Macaroni and Cheese. Photo by Naotake Murayama

We all have that one movie we adored in our youth that, upon later viewing, isn’t quite as magnificent as it was then. For me, that’s a made-for-HBO movie APOLOGY (1986). I’m not sure what caused my multiple watches. It may have been the “artsyness” that appealed to my young, pretentious self. It may have been a teenage crush on Peter Weller. Whatever it is, the movie never made it to digital media and, thus, the affection of my youth had not been tainted. This month someone uploaded an old VHS copy onto YouTube and I was able to watch it again for the first time in decades.

The premise was based on a real-life project, the Apology Line, created by artist Allan Bridge. Flyers were posted all over New York inviting people to anonymously call and confess whatever they did that they needed to apologize for. Bridge received calls about infidelity and petty theft, but he also heard from people claiming to be guilty of assault, murder, and worse. Two years prior to the movie Campbell Black wrote a novel based on a killer’s apology. It was somewhat loyal to the real life man (albeit with an unsatisfying ending, but that’s just my opinion). The film took a few more liberties.

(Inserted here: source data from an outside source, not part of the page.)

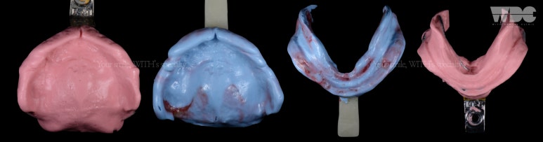 임시틀니를 3개월 이상 사용하고, 발치한 부분이 모두 치유된 후, 최종 틀니를 제작하기위해서 다시 본 뜨는 과정을 진행했습니다. 최종 틀니 제작을 위해서는 두번의 본뜨는 작업이 필요한데요, 위 사진에서 분홍색은 알지네이트라는 재료로 1차 본뜨기 작업을 한 것이고, 가운데 하늘색은 PVS라는 재료로 정밀하게 본뜨는 작업을 진행한 결과물입니다. 잇몸의 형태를 그대로 정밀하게 재현해서 틀니가 제작되어야 틀니가 입안에서 제대로 기능하고 불편감을 최소화할수 있기 때문에 최종틀니 제작시에는 반드시 2번의 본뜨는 과정을 거칩니다.
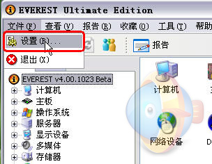 2、下载安装并启动Everest软件后,打开Everest的主窗口,在 顶部主菜单的 “文件” 菜单中点击 “设置”(如图1) 会打开设置窗口
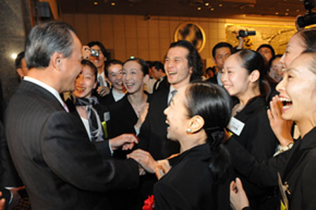 记者在现场看到,日本政经界的许多“大腕”人物出席了招待会。其中有日本参议院议长江田五月、经济产业大臣直岛正行、国家公安委员会委员长中井洽、公明党党首山口那津男、前首相福田康夫、中曾根康弘、前经济产业大臣二阶俊博、前自民党干事长中川秀直、伊吹文明,经团联会长御手洗富士夫等等。
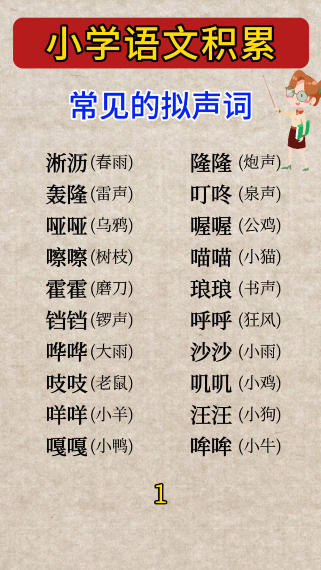 这些词语都是abab式的词语,同样也是拟声词,abab式是指前两个字和后两个字一样,拟声词就是模拟声音的词,又称为象声词摹声词状声词除此之外还有单音节的拟声词有乒乓唰轰嘭咻吱啪等双音节的拟声词有啦啦哗哗汪汪咚咚叽叽渣渣呱呱啪啪等AB型的。
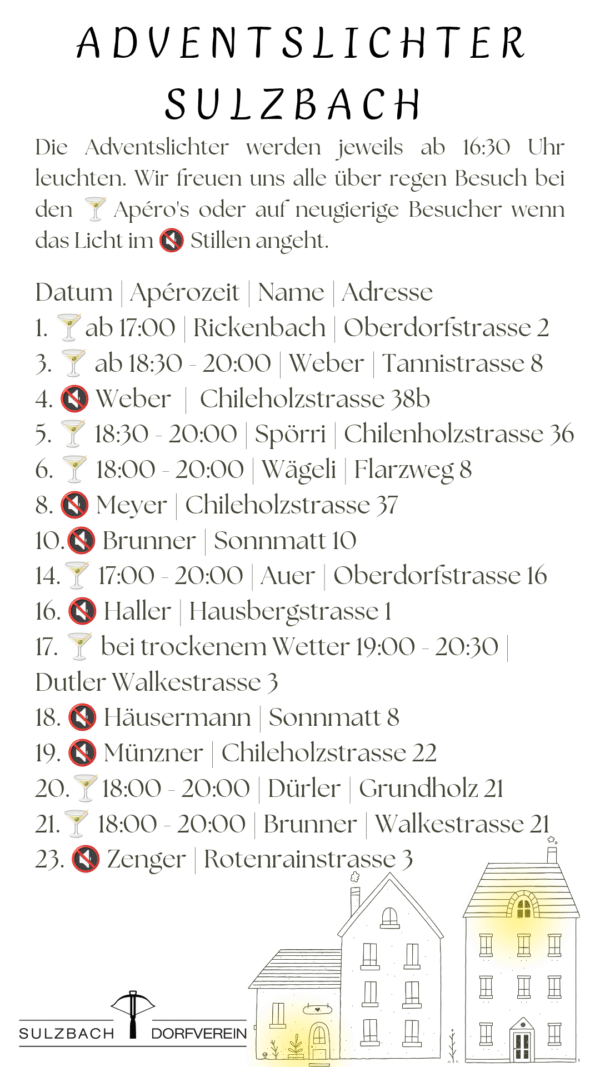 Liebe Sulzbacherinnen und Sulzbacher, der Dorfverein Sulzbach lädt wieder herzlich zum traditionellen Dorffest ein! Kommt vorbei und feiert mit uns den Sommer und das Leben «i oisem schöne Dorf». Um 17:00 Uhr findet zudem eine Andacht im Schulzimmer statt. Weitere… Weiterlesen →
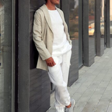 Wear it as a linen coat, summer cloak, or free-breed jacket. Perfect for spring – autumn weather. The cut of our clothes is coined so that it can look appropriate, both on the street and at home. An elegant and comfy linen cardigan makes a luxurious and functional gift for that special man in your life.
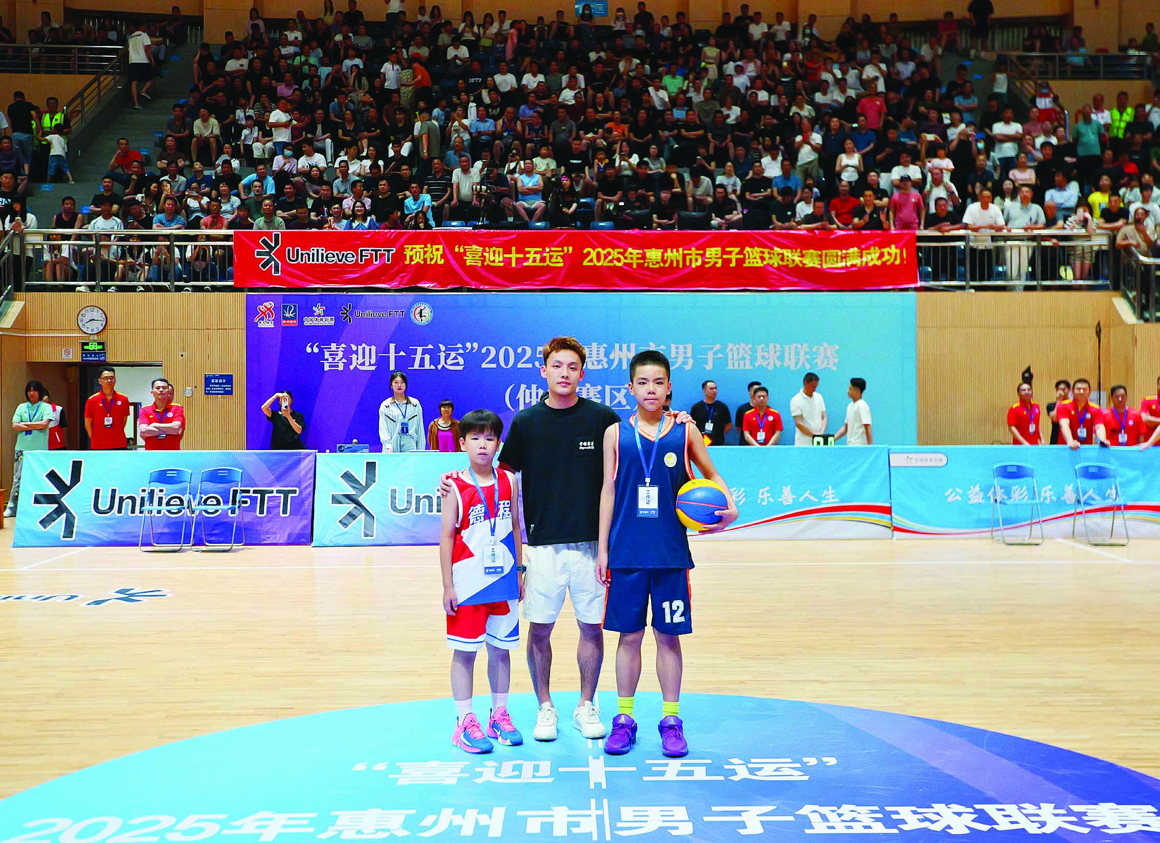 比賽現(xiàn)場(chǎng),徐杰和兩位籃球愛(ài)好者小朋友合照;葜萑?qǐng)?bào)記者黃鑫威 攝

The first thing was they changed Allan to Lily (played by Leslie Ann Warren). She is recording the apologies to play in a giant walk-through sculpture. What’s it supposed to symbolize? We’re not supposed to delve too deep into it. Another way the film veered from the original story was that in Bridge’s original line there was a criminal who confessed to gay bashing and robbing homosexuals. The film went much more dramatic and had him murdering them.

Lily is so wrapped up in her art that she neglects all her relationships, from her teenage daughter to the gallery owner who has more than professional interest in her. Meanwhile, New York City cop Rad Hungate (a fabulous name for a character, and the one portrayed by Weller) is so wrapped up in his work (and guilt over shooting a suspect) that he neglects his relationships. It’s painfully obvious where this is all going. Lily is alone. After a few minutes Rad is alone. He’s investigating the murders. She hears the confessions of the murderer. There’s no subtlety here. We know this has to all build to a big climactic confrontation in her studio, with the huge industrial looking sculpture playing as integral a part of the story as the romantic liaisons between Rad and Lily.

Looking back on this movie with older eyes I can see the cliches from a mile away. It worked on one level when I was a younger, less jaded movie watcher. Now it works on a different level–there’s a comfort to the familiar. APOLOGY delivers on all its promises. The setups all pay off, whether romantic or murderous. All the actors do a fine job with their roles. Sure, nothing is groundbreaking, but everything is satisfying.

Question of the night: what’s the strangest art piece you’ve experienced?